• **Your objective**
From the records below, set down exactly the lines starting with the line that contains "Savic Freddy tamrottebur" and going on through the line that contains "Вокзал на станции". Nothing else is wanted.

• **Dataset entries**
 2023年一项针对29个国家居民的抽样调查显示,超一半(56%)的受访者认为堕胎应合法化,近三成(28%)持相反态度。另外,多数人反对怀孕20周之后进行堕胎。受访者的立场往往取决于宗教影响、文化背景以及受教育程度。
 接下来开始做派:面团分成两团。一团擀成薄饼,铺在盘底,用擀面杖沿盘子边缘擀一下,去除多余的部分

* * *

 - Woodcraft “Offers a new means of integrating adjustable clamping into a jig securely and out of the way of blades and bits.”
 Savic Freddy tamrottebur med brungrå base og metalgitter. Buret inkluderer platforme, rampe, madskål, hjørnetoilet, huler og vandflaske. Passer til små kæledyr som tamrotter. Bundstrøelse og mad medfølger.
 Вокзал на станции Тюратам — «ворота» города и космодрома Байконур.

* * *

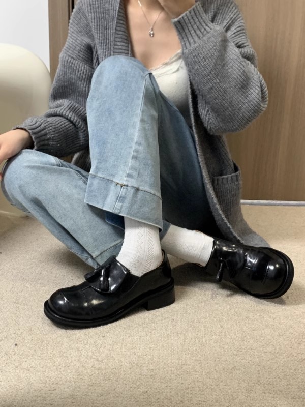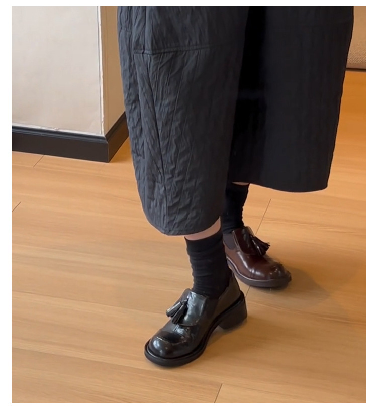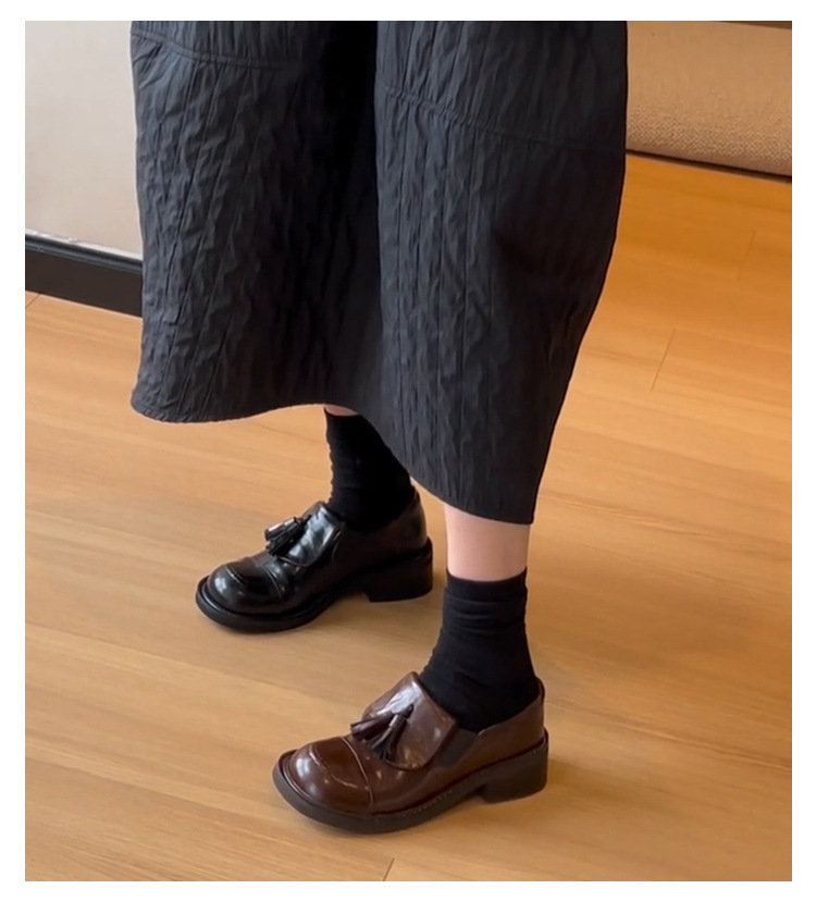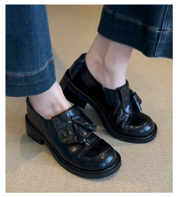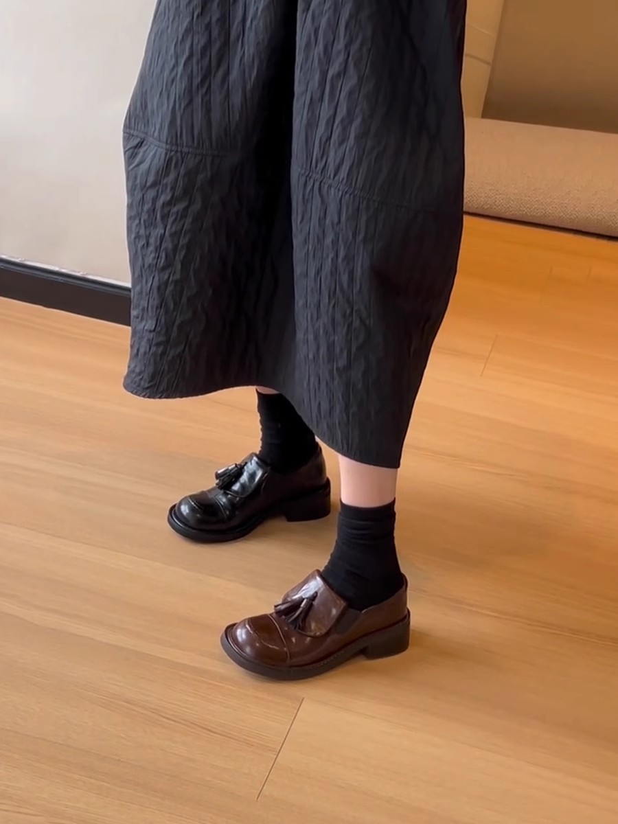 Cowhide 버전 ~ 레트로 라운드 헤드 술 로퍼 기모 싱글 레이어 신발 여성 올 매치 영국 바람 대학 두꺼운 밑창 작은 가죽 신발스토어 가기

• **Solution to the problem**
 Savic Freddy tamrottebur med brungrå base og metalgitter. Buret inkluderer platforme, rampe, madskål, hjørnetoilet, huler og vandflaske. Passer til små kæledyr som tamrotter. Bundstrøelse og mad medfølger.
 Вокзал на станции Тюратам — «ворота» города и космодрома Байконур.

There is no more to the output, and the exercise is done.